[Start of section]

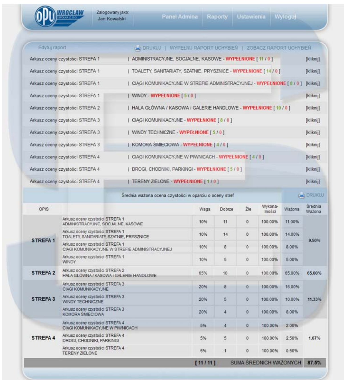
Rys. 2. Podsumowanie raportu czystości stref.

Na rysunku numer 1 przedstawiono sposób wypełniania raportów poszczególnych stref.
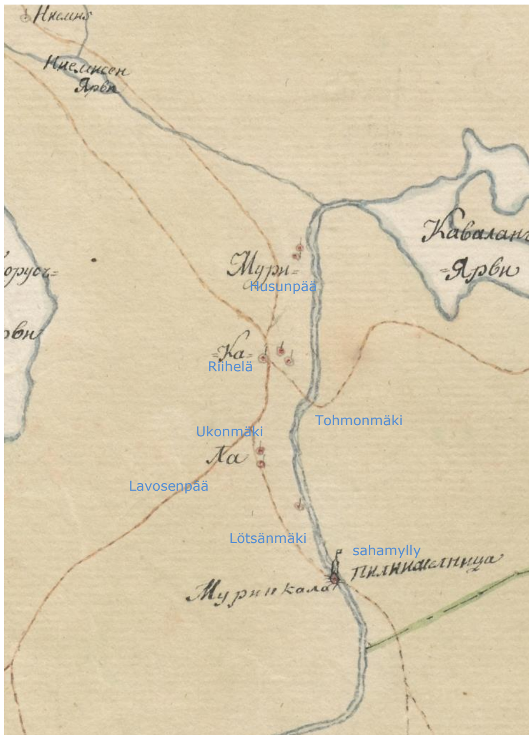
Kuva: Muurikkalan kylän talot 1800-luvun alussa (kartta on yleispiirteinen, asutuksen symbolit osoittavat talokeskittymät/maakirjatalot) / Viipurin kuvernementin revisionikonnttorin kartat [Säkkijärven pitäjän kartta, ven.]. Zweijgberg, F. von, 1804. Mittakaava 1:32 000. KA (sininen teksti lisätty karttaan paikantamisen helpottamiseksi).
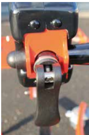
Levier à came (1)
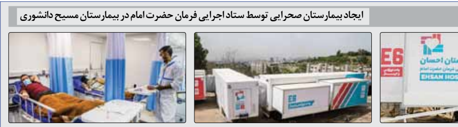
ایجاد بیمارستان صحرائی توسط ستاد اجرایی فرمان حضرت امام در بیمارستان مسیح دانشوری

نمکی گفت: در عین حال روند تولید واکسن داخلی‌مان یخویی پیش می‌رود. دیروز (دوشنبه) در اصفهان فاز سوم آزمایش بالینی واکسن پاستور را آغاز کردیم. فاز سوم واکسن برکت روز قبلیش آغاز شد و تولید بقیه واکسن‌ها هم با قدرت پیش می‌روند. در آینده بسیار نزدیک مجموعه واکسن‌های داخلی‌مان به واکسنیاسیون کشور خواهد پیوست.
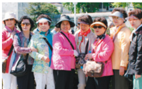
"Cheese"... Manchmal werden sogar Touristen zur Sehenswürdigkeit.

viele Reichtümer hinter sicherem Glas für die Besucher ausgestellt. Bunt und lebhaft geht es auf den
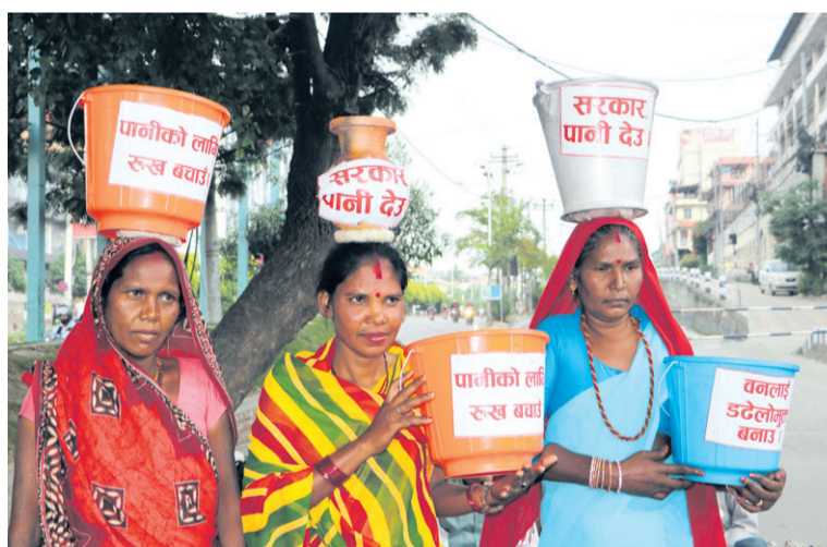
चुरे संरक्षणका लागि वैशाखमा पैदल यात्रा गरेर काठमाडौं आएका मधेशवासीहरू।
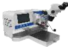
Ручные установки микросварки
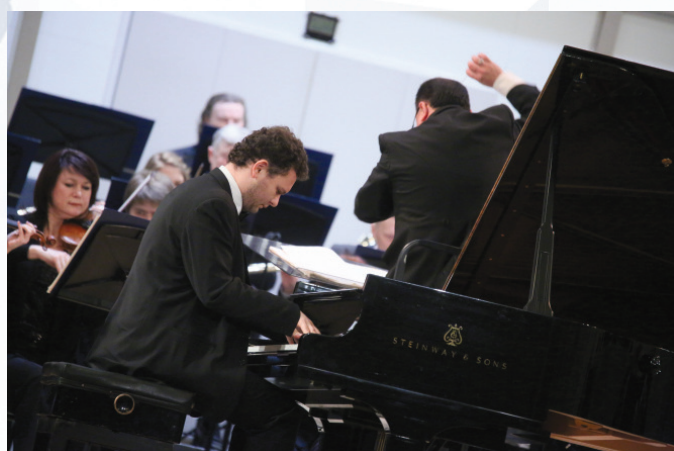
«Звезды XXI века»: Юрий Фаворин
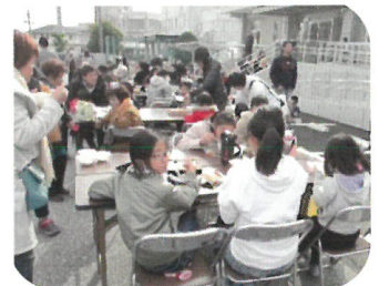
おいしいね! つきたての餅と豚汁
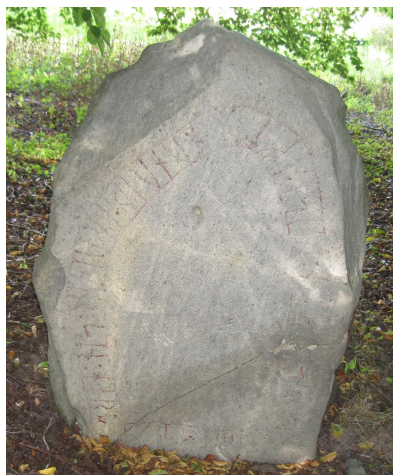
DR 276 Örsjö gård

Stenen står i en igenvuxen del av gårdsparken, nära norra kyrkogårdsmuren. Den uppmålades 1996 men efter rengöringen 2011 återstår inte mycket av den uppmålningen. Det är knappast meningsfullt att måla runorna igen så länge stenen står den vildvuxna parken.
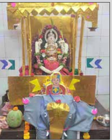
ಕುಂಬಾರ ಹೇಟಿಯ ಶ್ರೀ ಬನ್ನಿಕಾಳಿಕಾಂಬ ದೇವಿಗೆ ಅಂಬಾರಿ ಅಲಂಕಾರ
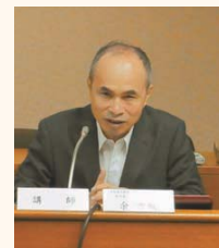
講演する余副代表
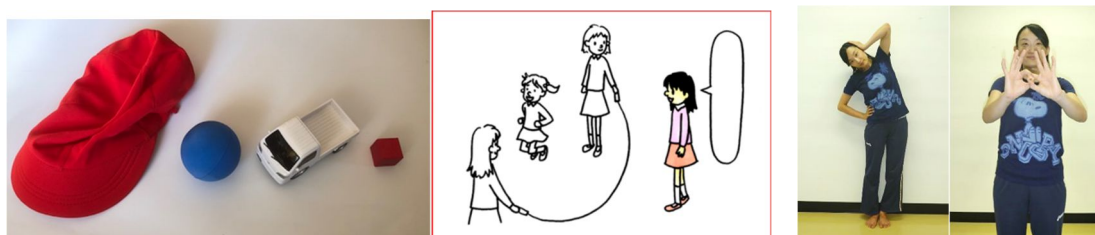
図1. 検査課題に用いる用具 左から 指示の理解 あいさつ 動作模倣

開発した尺度は玩具や絵カードなど(図1)を用いた、子どもとのやりとりを通した個別検査とした。まず、いくつかの課題を考案・設定し予備調査を行った。対象は1歳から8歳の保育園・幼稚園・小学校低学年児、計577人であり、検査実施後、項目別に年齢別通過率および50%通過年齢を求め、何歳相当の項目かを検討した。また、実施しにくいものや同じような発達曲線の項目は省き、尺度を作成した。作成した尺度を用いて健常幼児に対して、標準化作業および性差の検討、他検査との相関の検討などを行った。
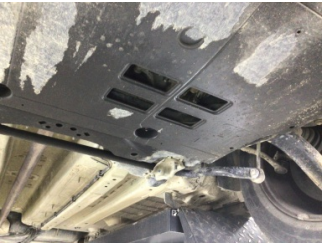
Şanzıman, Şanzıman > Yağ Kaçağı
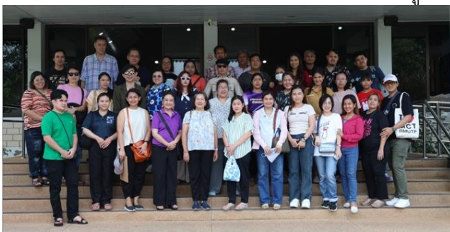
ผู้เข้าร่วมโครงการ
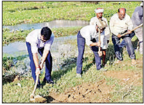
श्रावस्ती में फावड़ा चलाकर कार्य की शुरुआत करते अधिकारी, साथ में अन्य।

बूढ़ी राप्ती नदी की कुल लंबाई 67.03 किमी है, और इसका कैचमेंट एरिया 18356.64 हेक्टेयर है। नदी का 16.91 किमी हिस्सा अवरोधित है, जबकि शेष 51.12 किमी का हिस्सा स्वाभाविक रूप में
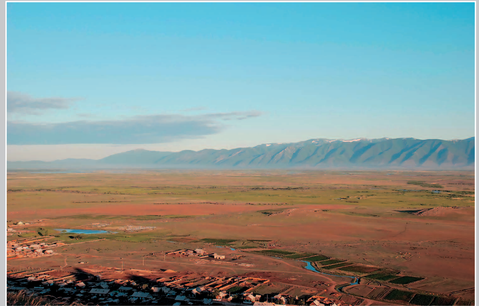
716. Баргузинская долина. Село Суво́ Баргузинского района Республики Бурятия. Фото 1984 г.
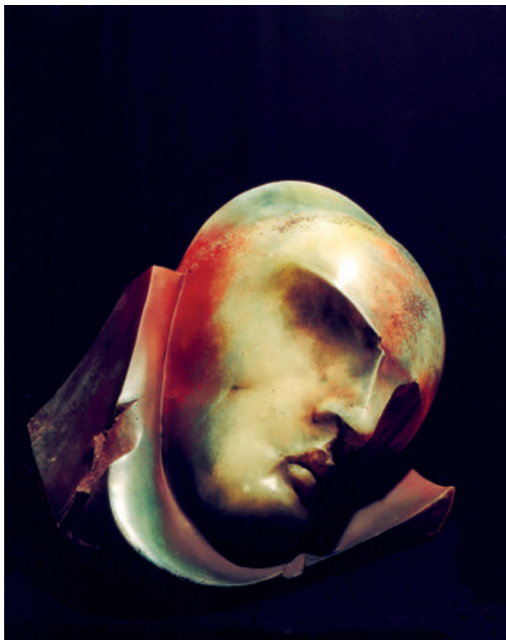
Z cyklu „Sen”, 1988, stiuk polichromowany, 70x70x60
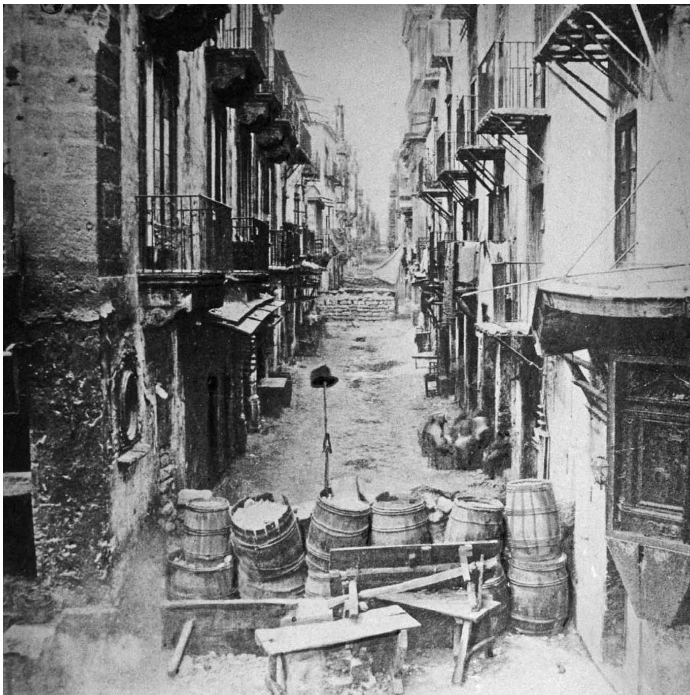
■ Barricate allestite per le vie di Palermo da "picciotti" e garibaldini. In questa è stato issato il cappello del capo della polizia borbonica.
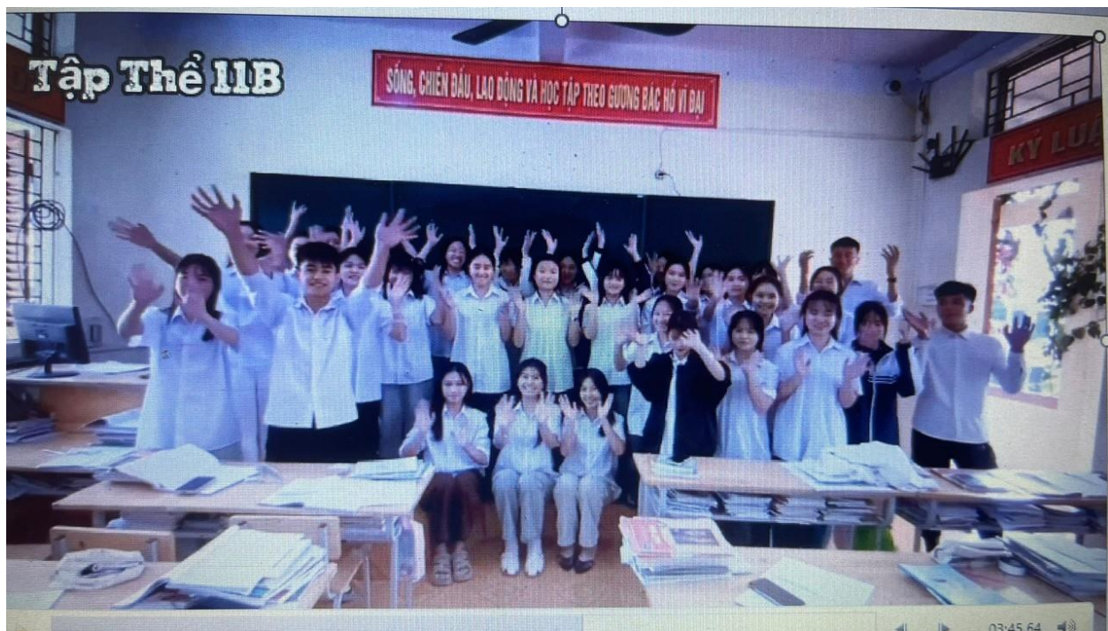
Học sinh các lớp gửi “Thông điệp yêu thương”

Bên cạnh đó, học sinh toàn trường còn hào hứng tham gia nhiều hoạt động giao lưu, trò chơi tập thể như: hái hoa dân chủ, đuổi hình bắt chữ, trò chơi vận động “Gắn kết yêu thương”. Các hoạt động không chỉ mang lại tiếng cười sôi nổi mà còn giúp các em nâng
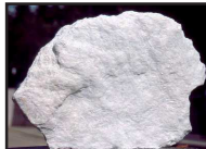
DT 320 AIRSAN TALCO Fragranza TALCO
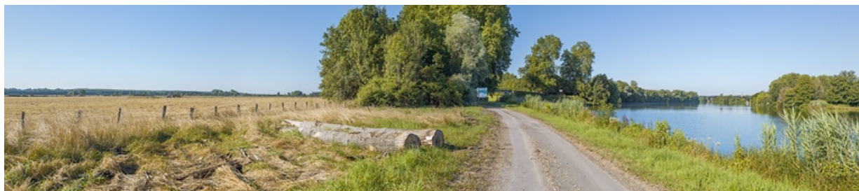
L'entrée de la dérivation, rive gauche de la Saône.
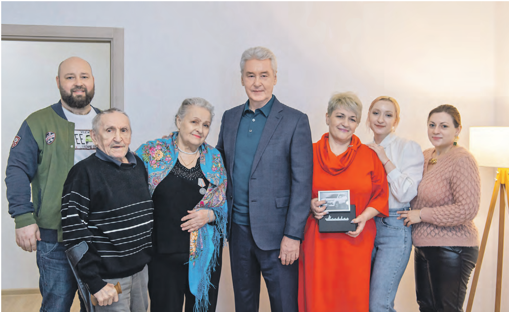
10 января. Мэр Москвы Сергей Собянин (в центре) встретился с новоселами дома, который ввели по программе реновации в столичном районе Гольяново. С каждым годом количество новостроек увеличивается, а значит, все больше москвичей улучшают свои жилищные условия

Улучшить операционные На страницах своего персонального сайта Сергей Собянин рассказал о развитии хирургической службы города. — Особое внимание уделяем переоснащению хирургиче-

[End of section]

### [PROBLEM]
Search the records above for the string "sinh". Copy every line that contains it.

### [EXPECTED ANSWER]
Học sinh các lớp gửi “Thông điệp yêu thương”
Bên cạnh đó, học sinh toàn trường còn hào hứng tham gia nhiều hoạt động giao lưu, trò chơi tập thể như: hái hoa dân chủ, đuổi hình bắt chữ, trò chơi vận động “Gắn kết yêu thương”. Các hoạt động không chỉ mang lại tiếng cười sôi nổi mà còn giúp các em nâng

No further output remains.